Annual number of central-lines per line type

Microbial etiology of NBSI

Table 3 details the microbiological spectrum of all NBSI subtypes. Coagulase-negative staphylococci were the most frequently isolated pathogens, accounting for 66% of NBSI episodes. Among the gram-positive cocci group, methicillin sensitive Staphylococcus aureus was the second most common microorganism, causing 12.6% of NBSI episodes. Gram-negative species were isolated in 11% of episodes, with Escherichia coli dominating the SBSI group (n = 5, 19%).

Table 3.

Pathogen distribution for NBSI

CLABSI, N = 99 PBSI, N = 184 SBSI, N = 27
Gram-positive, n (%) 89 (90%) 160 (87%) 16 (59%)
  CoNS 75 (75%) 125 (68%) 4 (15%)
  Staphylococcus aureus (MSSA) 8 (7.9%) 22 (12%) 9 (33%)
  Streptococcus sppa 0 2 (1.1%) 0
  Enterococcus sppb 6 (5.9%) 7 (3.8%) 3 (11.1%)
  Streptococcus agalactiae 0 4 (2.2%) 0
Gram-negative, n (%) 9 (9%) 16 (8.7%) 9 (33%)
  E. coli 5 (5.0%) 6 (3.3%) 5 (19%)
  Enterobacter spp 1 (1.0%) 5 (2.7%) 2 (7.4%)
  Klebsiella spp 1 (1.0%) 2 (1.1%) 0
  Pseudomonas aerginosa 1 (1.0%) 1 (0.5%) 1 (3.7%)
  Morganella morganii 0 1 (0.5%) 0
  Serratia marcescens 0 0 1 (3.7%)
  Citrobacter spp non koseri 0 1 (0.5%) 0
  Acinetobacter spp 1 (1.0%) 0 0
Fungi, n (%) 1 (1.0%) 8 (4.3%) 2 (7.4%)
  Candida spp 1 (1.0%) 4 (1.6%) 1 (3.4%)
Polymicrobial, n (%) 0 4 (2.2%) 1 (3.7%)

Results are presented as N or n (%). Bold emphasis corresponds to the totals of the pathogen categories

CoNS, coagulase-negative staphylococci; MSSA, methicillin sensitive Staphylococcus aureus

aEncompass Streptococcus bovis and Streptococcus viridans (alpha hemolytic streptococci)

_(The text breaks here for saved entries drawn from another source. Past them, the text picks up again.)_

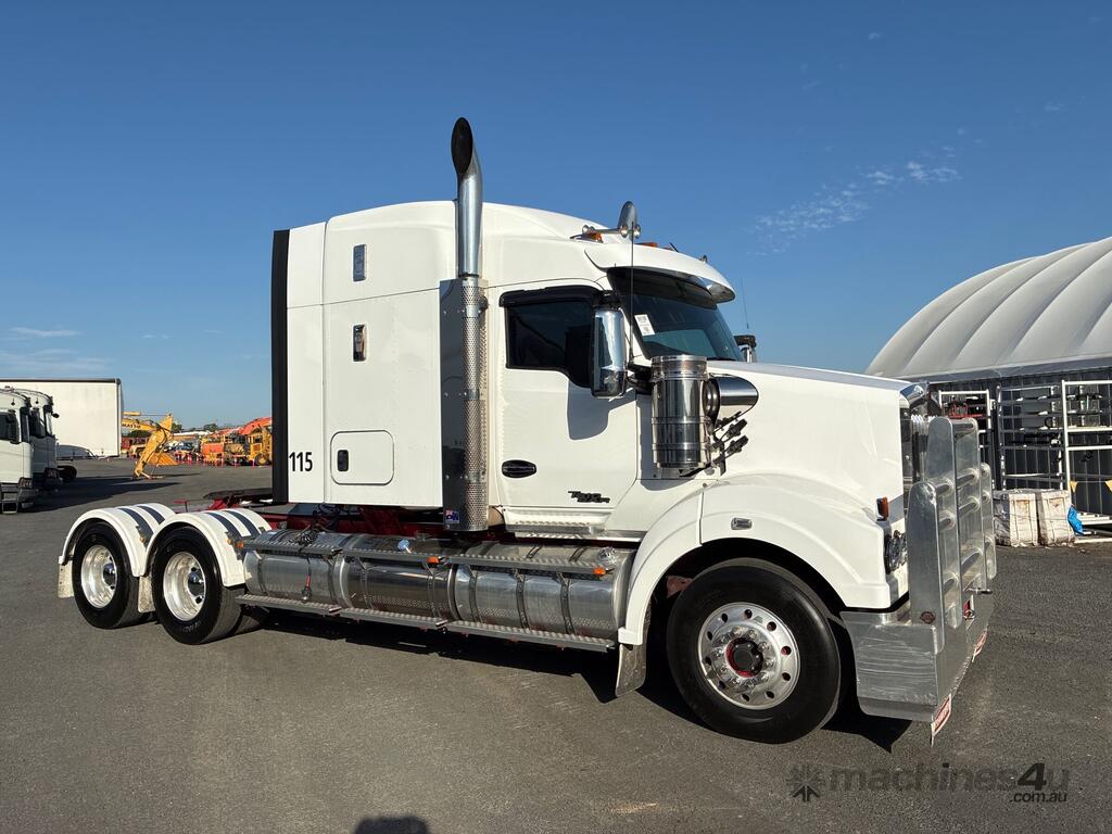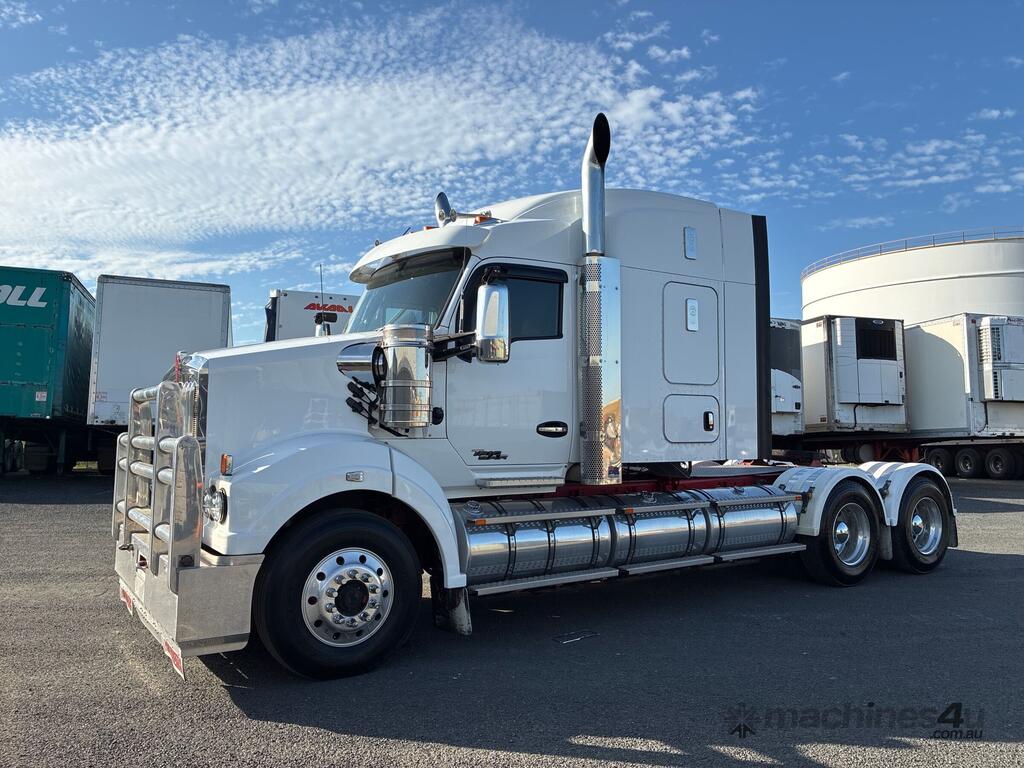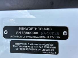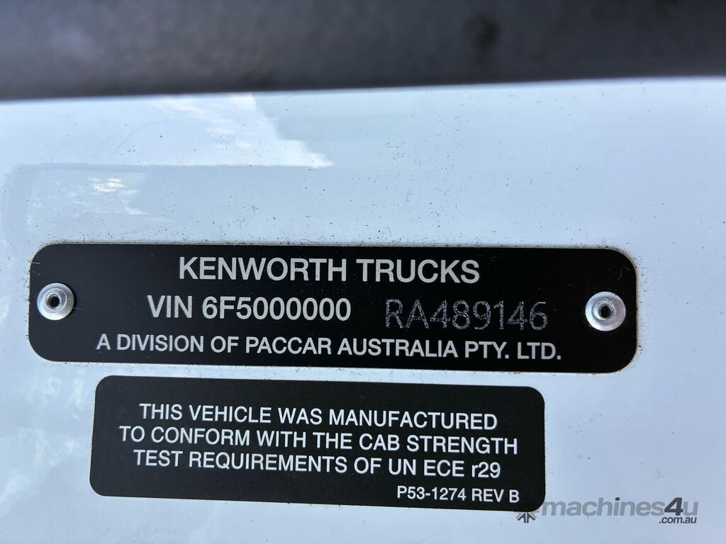 CP: 07/2024,Kenworth,T610SAR,Prime Mover Sleeper Cab,Automatic,Airbag,Cummins X15,6 Cyl,Diesel,277601 (Kms. Showing on Odometer),4110 (Hrs. Showing on Hour meter),Colour: White,Rego. No: NP(XB26QC), Unregistered QLD,VIN: 6F5000000RA489146,Key No: 45,GVM: 27830,GCM: 97000,Sold with No Plates,Key No: 45
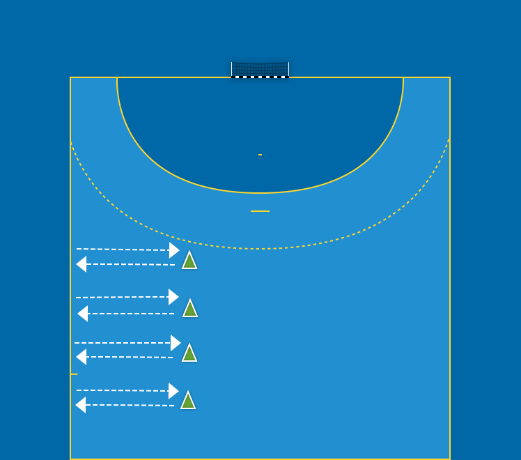 Spelarna tar tre steg eller står stilla med vänster/höger fot framme (beroende på om spelaren är höger- eller vänsterhänt) eller parallella ben och skjuter i väggen. Träna på:
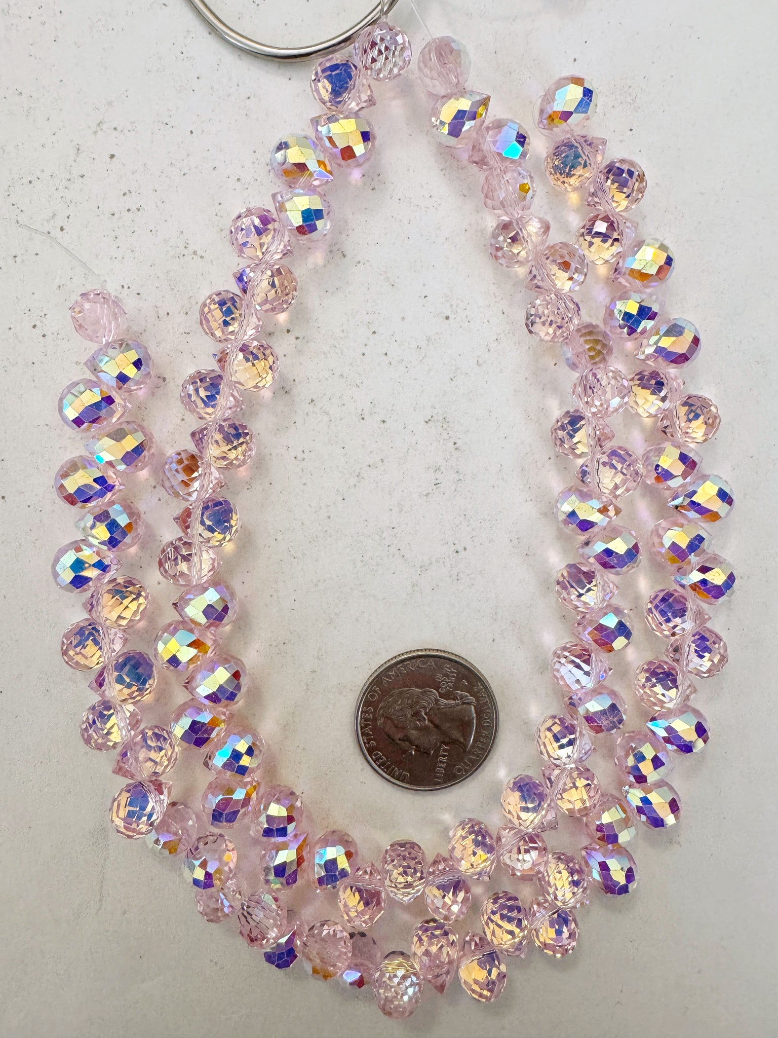 light pink, AB coating, glass, 10x8x8mm fancy cut faceted teardrop briollete pendant, 11" strand, sold per strand
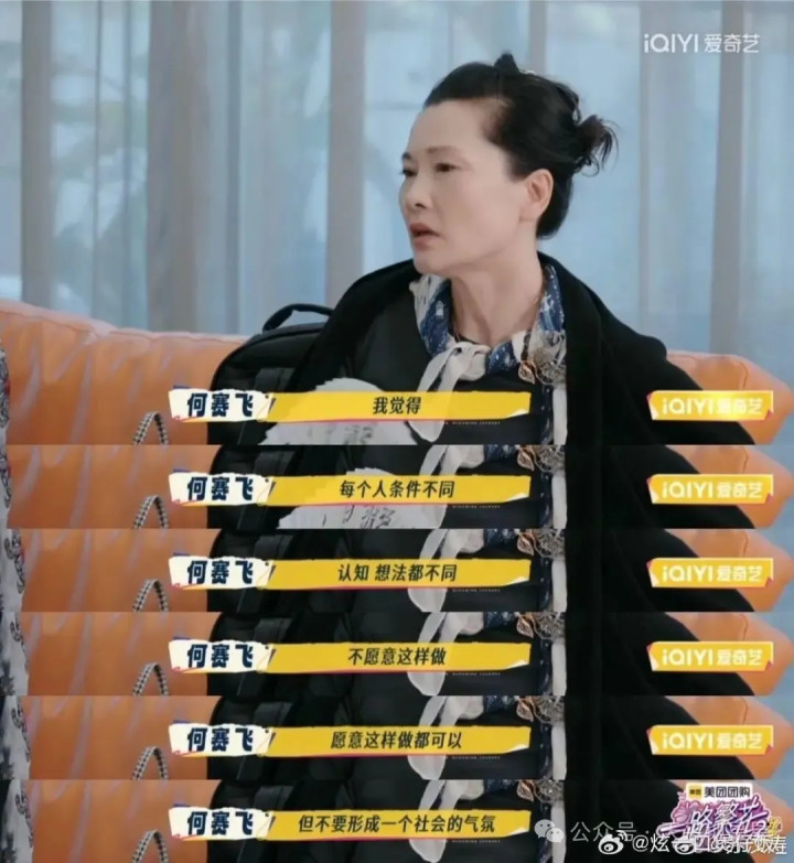 而且,何赛飞真的是谁也不惯着,只要是你说的和她不一样,或者她觉得不爽的,她都要当场指出来,主打的就是一个坚决不内耗自己。

bEncompass Enterococcus faecalis and Enterococcus faecium

Subgroup analysis for non-CoNS CLABSI

Supplementary information 4 shows the annual CLABSI incidence for non-CoNS related pathogens only. Twenty-four (25%) CLABSI episodes were attributable to non-CoNS related microorganisms. When CLABSI episodes caused by CoNS were assumed to represent contamination instead of true bacteremic cases, a 75% decrease (from 14.3 to 3.34 per 1000 central-line days) was seen in the risk of CLABSI. No difference was likewise found in the annual rates of non-CoNS CLABSI.

Antibiotic consumption

A significant difference over time was found in the annual number of neonates treated with antibiotics ≥ 72 h after admission, with currently nearly 66% of infants receiving antibiotic therapy (Table 4). A total LOT and DOT of 11,897 and 20,953 days, respectively, were registered over the entire 9-year surveillance period. Significant differences were found in both the annual median LOT (from 5 [IQR 4, 14] to 4 [IQR 3, 8], p < 0.001) and DOT per neonate (9 [IQR 6, 22] to 7 [IQR 5,15], p < 0.001), as well as overall antibiotic exposure (LOT and DOT rates per 1000 patient-days) (Fig. 4, both p < 0.001).

Table 4.

Antibiotic treatment outcomes

2012, N = 173 2013, N = 183 2014, N = 177 2015, N = 147 2016, N = 186 2017, N = 172 2018, N = 153 2019, N = 182 2020, N = 173 P valuea
Neonates treated with antibiotics
  < 24 h postpartum 105 (61%) 106 (58%) 106 (60%) 85 (58%) 125 (67%) 104 (60%) 85 (56%) 108 (59%) 100 (58%) 0.60
  > 72 h postpartum 138 (80%) 142 (78%) 138 (78%) 118 (80%) 140 (75%) 102 (59%) 106 (69%) 126 (69%) 109 (63%)  < 0.001
LOT per infant 5 [4, 14] 5 [3, 9] 6 [3, 11] 6 [3, 12] 6 [3, 11] 4 [3, 8] 5 [3, 8] 5 [3, 9] 4 [3, 8]  < 0.001
DOT per infant 9 [6, 15] 9 [6, 16] 9 [5, 17] 11 [5, 18] 11 [5, 19] 6 [4, 13] 9 [5, 20] 9 [5, 14] 7 [5, 21]  < 0.001

Results are presented as n (%) or median [IQR] and are calculated over the total annual number of admitted neonates. Bold emphasis corresponds to the p-values which are statistically significant (i.e. p < 0.05)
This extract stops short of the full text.